◆ GIVEN MATERIAL:
Start of Block
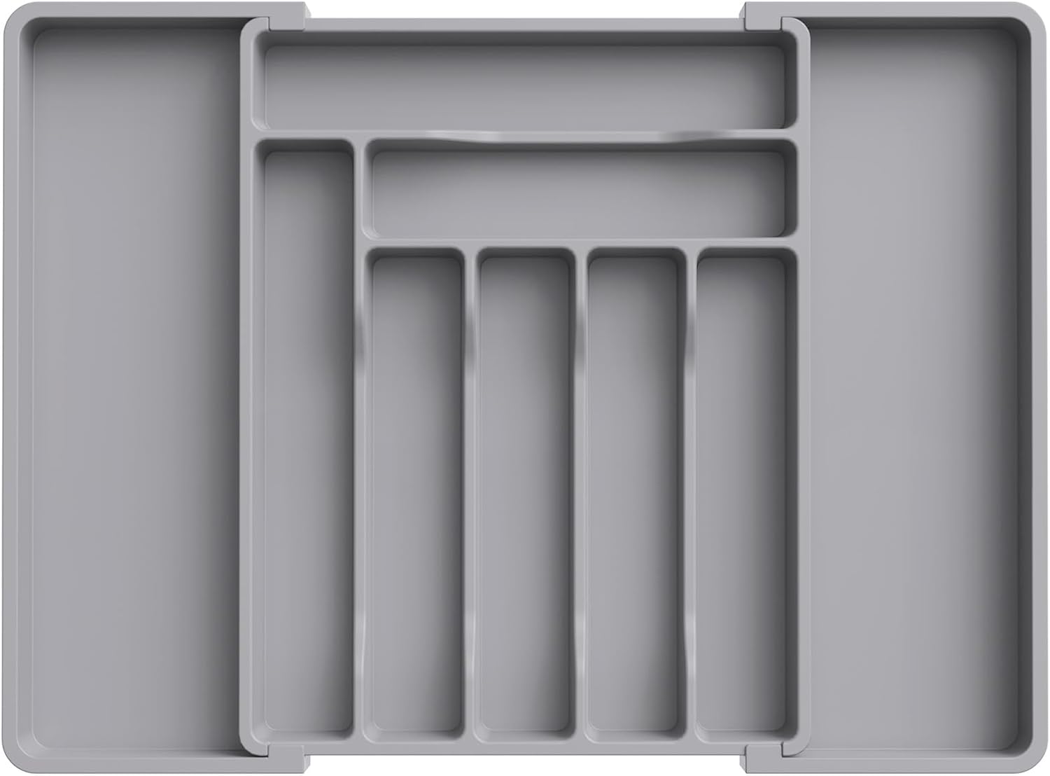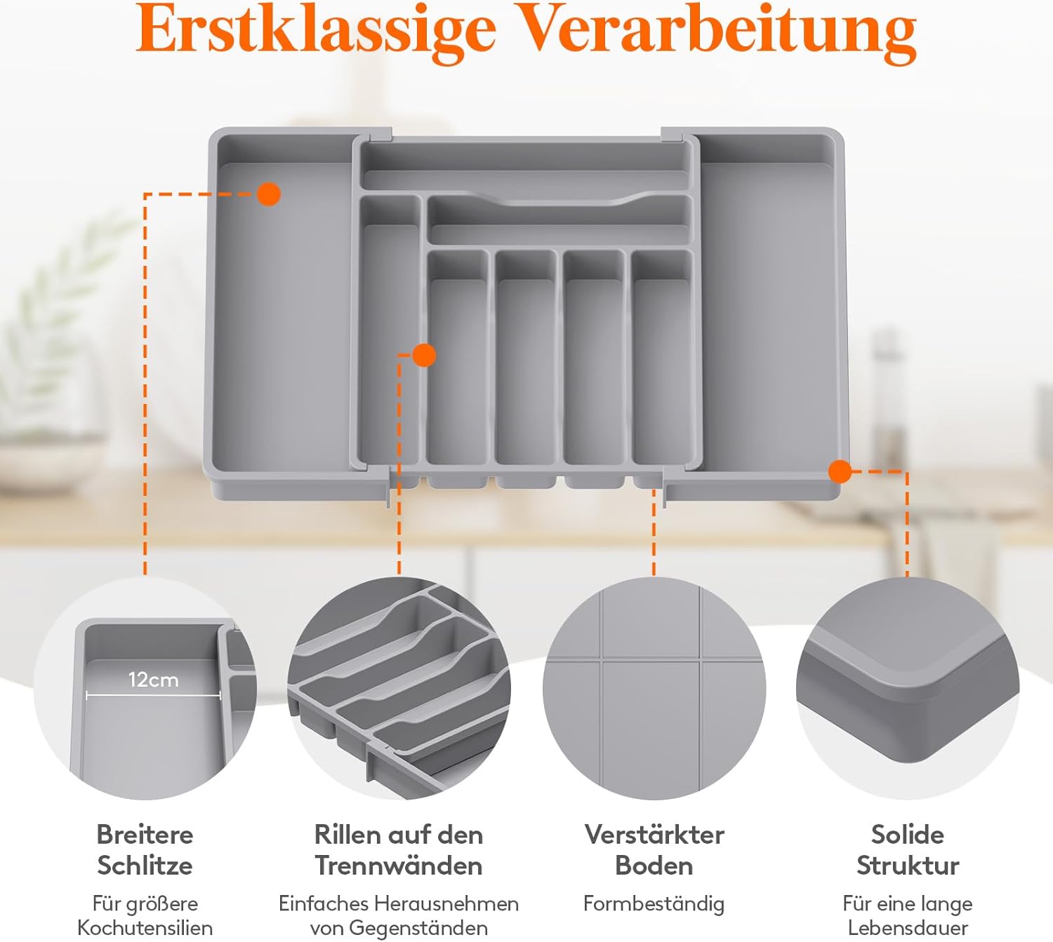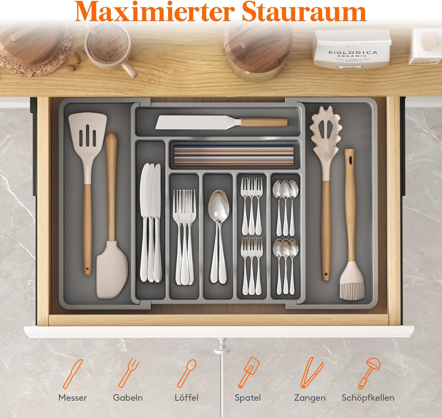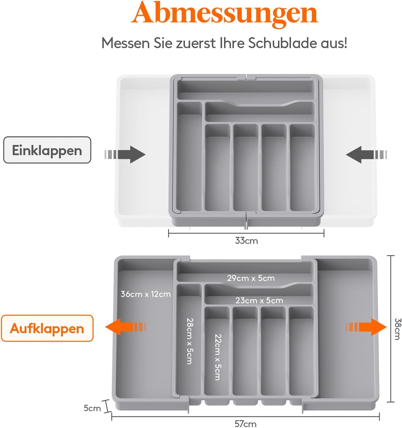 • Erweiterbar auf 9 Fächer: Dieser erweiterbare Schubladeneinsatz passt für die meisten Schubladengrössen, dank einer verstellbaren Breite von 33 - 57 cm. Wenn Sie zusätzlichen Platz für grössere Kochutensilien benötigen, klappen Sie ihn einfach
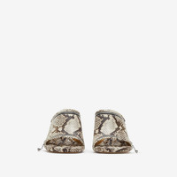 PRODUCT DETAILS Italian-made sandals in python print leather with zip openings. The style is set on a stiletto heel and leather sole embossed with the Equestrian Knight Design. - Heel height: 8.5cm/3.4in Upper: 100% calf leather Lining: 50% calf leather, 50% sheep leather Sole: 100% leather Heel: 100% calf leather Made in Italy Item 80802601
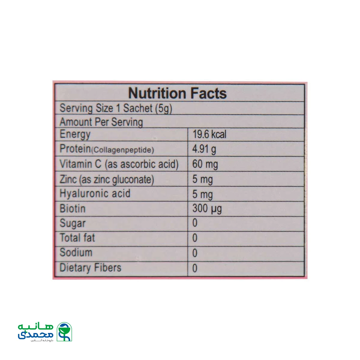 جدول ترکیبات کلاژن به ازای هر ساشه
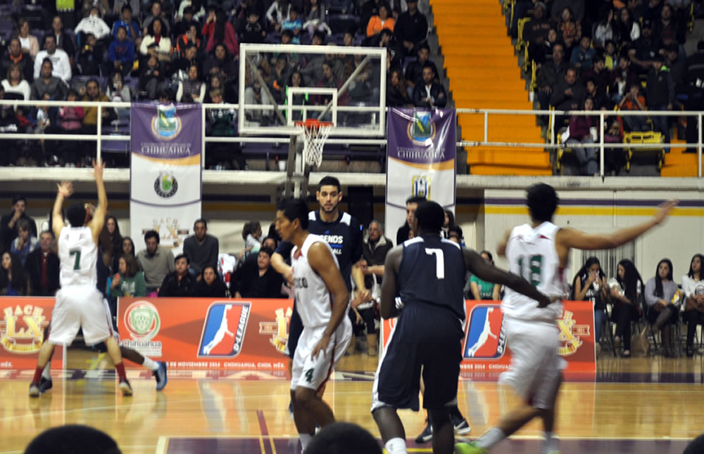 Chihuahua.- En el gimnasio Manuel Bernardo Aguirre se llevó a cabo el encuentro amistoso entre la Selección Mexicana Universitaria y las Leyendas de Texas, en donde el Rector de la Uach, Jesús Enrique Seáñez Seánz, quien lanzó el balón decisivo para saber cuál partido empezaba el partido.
End of Block
In the copy, only the lines from the one holding "جدول ترکیبات کلاژن به ازای هر ساشه" through the end of the listing above should appear, retyped exactly, both ends included, with no pictures.

 جدول ترکیبات کلاژن به ازای هر ساشه
 Chihuahua.- En el gimnasio Manuel Bernardo Aguirre se llevó a cabo el encuentro amistoso entre la Selección Mexicana Universitaria y las Leyendas de Texas, en donde el Rector de la Uach, Jesús Enrique Seáñez Seánz, quien lanzó el balón decisivo para saber cuál partido empezaba el partido.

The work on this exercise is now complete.